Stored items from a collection
--------------------------------------------------
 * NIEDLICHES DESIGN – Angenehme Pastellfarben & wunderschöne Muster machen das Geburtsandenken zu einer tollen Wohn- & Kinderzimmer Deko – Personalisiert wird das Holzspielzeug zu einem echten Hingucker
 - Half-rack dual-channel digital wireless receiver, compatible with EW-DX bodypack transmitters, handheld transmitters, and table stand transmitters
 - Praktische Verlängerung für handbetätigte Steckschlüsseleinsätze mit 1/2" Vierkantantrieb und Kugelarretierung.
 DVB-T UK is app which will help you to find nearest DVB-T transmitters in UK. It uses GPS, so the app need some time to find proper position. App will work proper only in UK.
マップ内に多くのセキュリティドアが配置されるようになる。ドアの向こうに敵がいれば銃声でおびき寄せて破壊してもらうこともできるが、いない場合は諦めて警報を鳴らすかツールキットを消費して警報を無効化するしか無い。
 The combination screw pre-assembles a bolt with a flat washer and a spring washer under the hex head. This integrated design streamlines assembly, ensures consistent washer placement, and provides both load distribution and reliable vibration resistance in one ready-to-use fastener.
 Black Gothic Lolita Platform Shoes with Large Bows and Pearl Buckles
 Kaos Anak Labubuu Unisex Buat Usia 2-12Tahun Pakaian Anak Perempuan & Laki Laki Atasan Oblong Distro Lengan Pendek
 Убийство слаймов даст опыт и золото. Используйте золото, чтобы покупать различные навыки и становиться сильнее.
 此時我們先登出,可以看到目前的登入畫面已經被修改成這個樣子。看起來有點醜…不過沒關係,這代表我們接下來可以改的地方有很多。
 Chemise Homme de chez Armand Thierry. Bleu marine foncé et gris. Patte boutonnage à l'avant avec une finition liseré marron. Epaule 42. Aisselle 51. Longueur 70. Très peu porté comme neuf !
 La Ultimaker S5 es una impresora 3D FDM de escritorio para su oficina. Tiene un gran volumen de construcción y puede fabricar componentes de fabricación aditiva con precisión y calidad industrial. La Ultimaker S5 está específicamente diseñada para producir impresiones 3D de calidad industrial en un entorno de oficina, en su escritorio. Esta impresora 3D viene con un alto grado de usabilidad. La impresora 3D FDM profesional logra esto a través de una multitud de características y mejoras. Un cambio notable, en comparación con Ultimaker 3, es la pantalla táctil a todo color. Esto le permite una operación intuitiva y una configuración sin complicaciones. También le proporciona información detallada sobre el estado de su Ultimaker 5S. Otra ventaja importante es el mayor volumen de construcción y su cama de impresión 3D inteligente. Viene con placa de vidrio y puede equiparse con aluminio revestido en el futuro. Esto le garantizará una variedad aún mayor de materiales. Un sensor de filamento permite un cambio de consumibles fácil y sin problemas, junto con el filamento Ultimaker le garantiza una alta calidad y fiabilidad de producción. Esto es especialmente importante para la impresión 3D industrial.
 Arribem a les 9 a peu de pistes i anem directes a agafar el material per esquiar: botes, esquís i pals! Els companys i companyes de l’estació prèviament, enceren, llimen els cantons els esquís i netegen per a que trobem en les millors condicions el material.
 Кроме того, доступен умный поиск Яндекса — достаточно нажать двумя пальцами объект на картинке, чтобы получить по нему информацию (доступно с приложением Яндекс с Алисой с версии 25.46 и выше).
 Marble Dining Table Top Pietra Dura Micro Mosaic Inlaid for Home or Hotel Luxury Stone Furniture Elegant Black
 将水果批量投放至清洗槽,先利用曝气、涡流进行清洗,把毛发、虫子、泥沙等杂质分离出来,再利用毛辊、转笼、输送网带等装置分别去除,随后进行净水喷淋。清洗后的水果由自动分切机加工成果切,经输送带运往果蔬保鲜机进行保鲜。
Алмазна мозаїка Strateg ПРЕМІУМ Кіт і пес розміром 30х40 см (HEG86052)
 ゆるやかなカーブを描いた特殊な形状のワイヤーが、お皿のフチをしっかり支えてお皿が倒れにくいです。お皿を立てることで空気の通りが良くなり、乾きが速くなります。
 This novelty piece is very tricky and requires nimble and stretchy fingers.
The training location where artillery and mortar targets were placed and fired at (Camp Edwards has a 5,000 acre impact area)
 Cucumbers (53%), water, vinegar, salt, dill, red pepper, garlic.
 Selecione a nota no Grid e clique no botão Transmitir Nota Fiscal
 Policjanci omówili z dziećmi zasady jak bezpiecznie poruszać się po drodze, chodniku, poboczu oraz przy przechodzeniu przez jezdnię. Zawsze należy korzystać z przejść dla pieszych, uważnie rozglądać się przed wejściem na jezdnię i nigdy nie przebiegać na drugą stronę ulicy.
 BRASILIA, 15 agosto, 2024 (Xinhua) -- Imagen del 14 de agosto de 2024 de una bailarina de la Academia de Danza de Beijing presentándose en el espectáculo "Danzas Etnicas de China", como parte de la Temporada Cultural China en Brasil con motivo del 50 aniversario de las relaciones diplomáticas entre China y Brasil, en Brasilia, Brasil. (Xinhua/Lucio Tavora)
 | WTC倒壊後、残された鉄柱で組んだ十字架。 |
--------------------------------------------------
— Assigned task —
Which lines above run from the one containing "将水果批量投放至清洗槽,先利" down to the one containing "Policjanci omówili z"? Repeat exactly those, both ends included, and nothing else.

— Solved problem —
 将水果批量投放至清洗槽,先利用曝气、涡流进行清洗,把毛发、虫子、泥沙等杂质分离出来,再利用毛辊、转笼、输送网带等装置分别去除,随后进行净水喷淋。清洗后的水果由自动分切机加工成果切,经输送带运往果蔬保鲜机进行保鲜。
Алмазна мозаїка Strateg ПРЕМІУМ Кіт і пес розміром 30х40 см (HEG86052)
 ゆるやかなカーブを描いた特殊な形状のワイヤーが、お皿のフチをしっかり支えてお皿が倒れにくいです。お皿を立てることで空気の通りが良くなり、乾きが速くなります。
 This novelty piece is very tricky and requires nimble and stretchy fingers.
The training location where artillery and mortar targets were placed and fired at (Camp Edwards has a 5,000 acre impact area)
 Cucumbers (53%), water, vinegar, salt, dill, red pepper, garlic.
 Selecione a nota no Grid e clique no botão Transmitir Nota Fiscal
 Policjanci omówili z dziećmi zasady jak bezpiecznie poruszać się po drodze, chodniku, poboczu oraz przy przechodzeniu przez jezdnię. Zawsze należy korzystać z przejść dla pieszych, uważnie rozglądać się przed wejściem na jezdnię i nigdy nie przebiegać na drugą stronę ulicy.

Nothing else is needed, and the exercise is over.